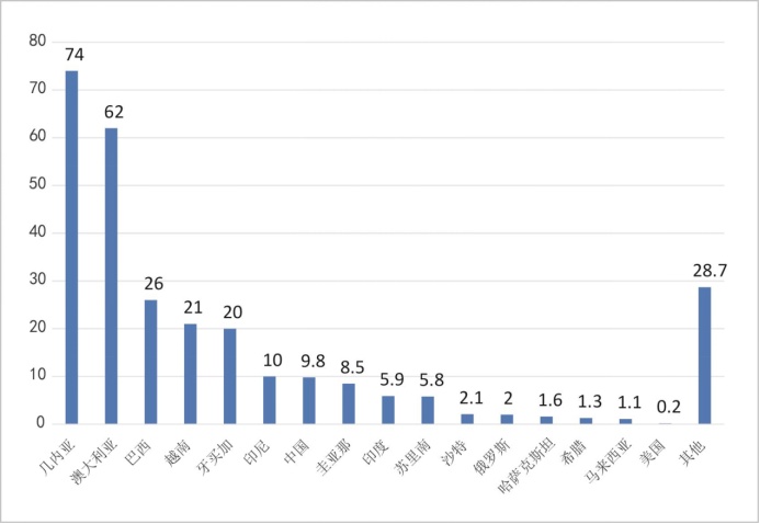 世界主要国家铝土矿储量分布表(万吨)(数据来源:USGS)
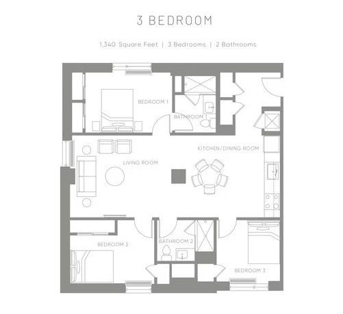 Irvine所有的户型都很推荐,studio,1B1B,2B2B,以及3B2B户型都价格实惠。Studio户型每月$1295起,要知道大学城附近公寓的单人间都要至少$1500以上。3B2B户型平均每人只要$900左右。
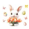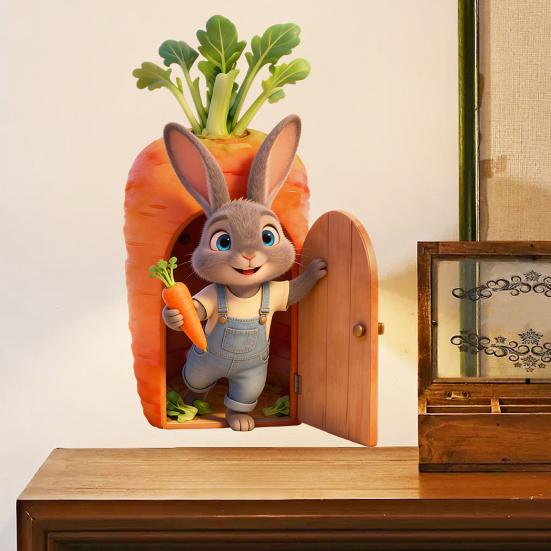 Förvandla ditt utrymme med denna charmiga väggdekal, perfekt för att skapa en varm och helande atmosfär i vilket rum som helst.. Med mjuka, söta motiv som morotsstugor och kaniner som håller blommor, lyser den omedelbart upp barns rum, entréer eller fönsterbrädor med en sagolik känsla..
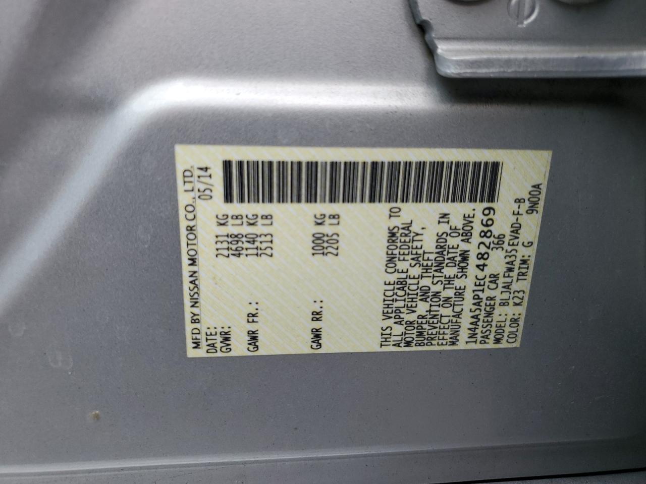 Колір СрібнийЦиліндри 6VIN 1N4AA5AP1EC482869Стан Заводиться та їде (перевірено)Ушкодження ЗадняДата аукціона 2025-10-06
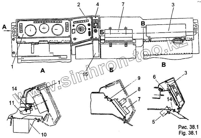 Каталог запасных частей к технике: МЗКТ-65158. Установка щитков приборов и коммутационной аппаратуры
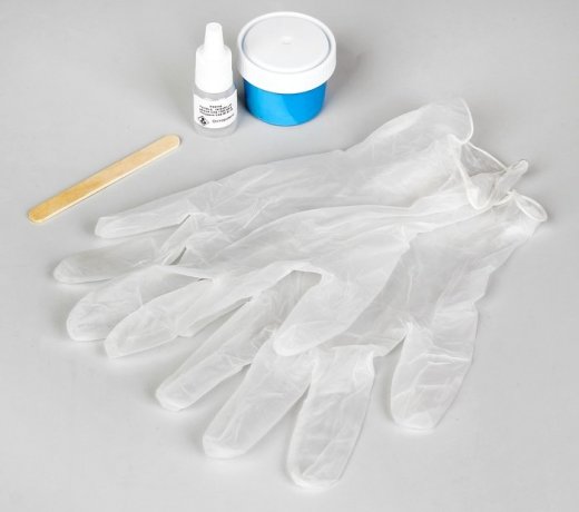 Состав набора: химический реактив, пакет, палочка для размешивания, перчатки, инструкция.
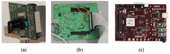 Hardware platforms: (a) DVS128_PAER retina; (b) USB-AERmini2 monitoring board; (c) Virtex-5 field-programable gate array (FPGA) evaluation board.
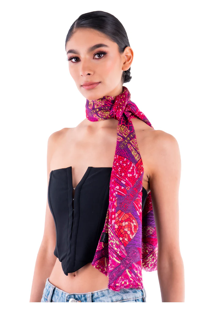 Chalina con orilla cosida y flecos deshilados a mano.

◆ ◆ ◆ ◆

#### EXERCISE GOAL:
Only the lines starting at the one that includes "Колір СрібнийЦиліндри 6VIN" and ending at the one that includes "Состав набора: химический" should be retyped, exactly, from the records above; no pictures.

#### COMPLETED TASK:
 Колір СрібнийЦиліндри 6VIN 1N4AA5AP1EC482869Стан Заводиться та їде (перевірено)Ушкодження ЗадняДата аукціона 2025-10-06
 Каталог запасных частей к технике: МЗКТ-65158. Установка щитков приборов и коммутационной аппаратуры
 Состав набора: химический реактив, пакет, палочка для размешивания, перчатки, инструкция.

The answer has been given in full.